The reason for this question is related to the fact that I think something is missing when an absorpion and emission of a (intermediate) vector boson $$W$$ in the context of transformation of quark flavors by the Weak Interaction is always an invariant (that is, one must always have a $$W$$ boson to change a quark flavor)

Usually we use Feynman diagrams to draw something like that

But my interest is another: using Feynman diagrams also to represent the possibility of a 'dot product' between absorpion $$X$$ and emission $$Y$$

Usually when an up quark becomes a down quark, only the down quark remains. My approach is different: consider the quark down and the quark up as a pair of elements $$(a, b)$$ without looking at them as a transformation of the element $$a$$ into the element $$b$$ or vice versa without think them as a transformation of quark flavors (I want to keep the 2 elements as a pair and not return only one quark flavour after a process of transformation of quark flavors by the weak interaction)

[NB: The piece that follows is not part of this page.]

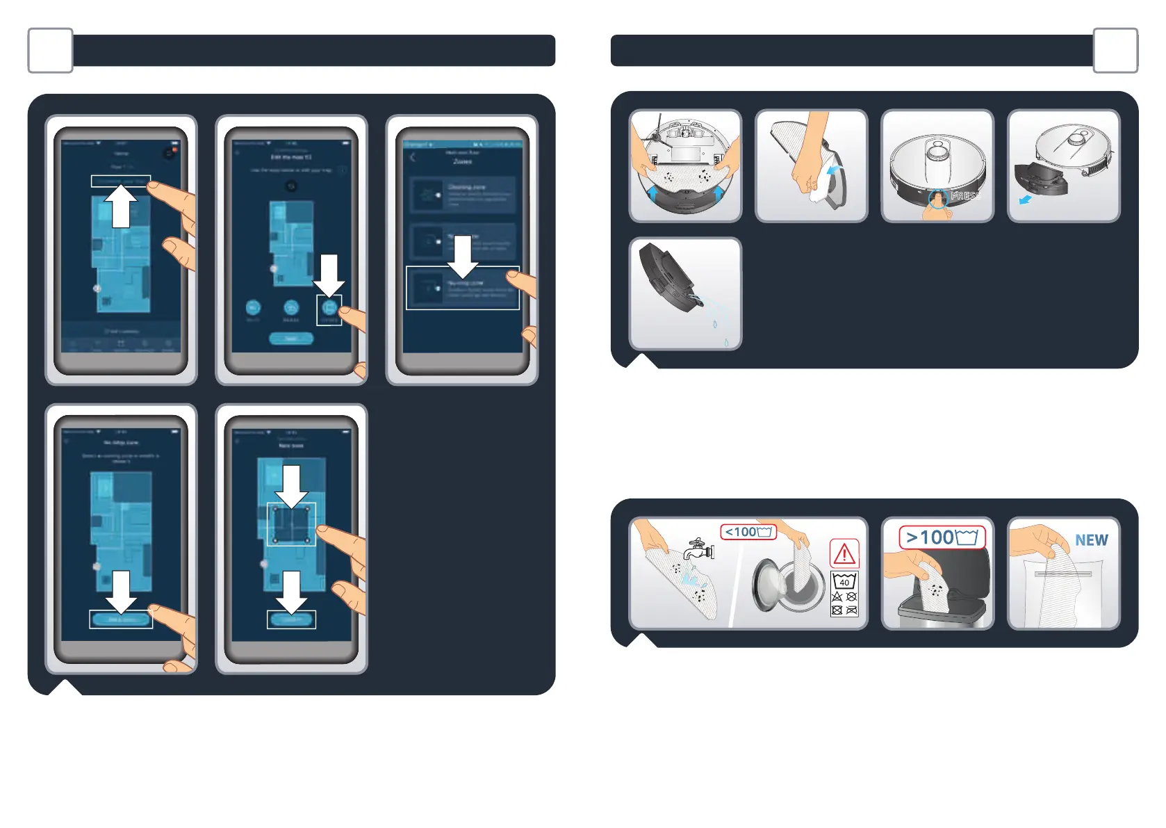 der Wassertank eingesetzt ist, darf der Roboter diese Bereiche nicht reinigen.

I want to keep the 2 elements (quarks), but use the Feynman diagrams to represent a 'dot product' $$X \cdot Y$$ (a bilinear form) between absorpion $$X$$ and emission $$Y$$ where $$X, Y$$ could be considered as 2 vectors, I still can't configure what they could represent mathematically to do what I ask correctly.

In A Not-so-Characteristic Equation: the Art of Linear Algebra by Elisha Peterson, the dot product, cross product, and many other linear algebraic operations are described in terms of diagrams. There are also many good references in the paper for further exploration.

I find also this link How can I learn about doing linear algebra with trace diagrams?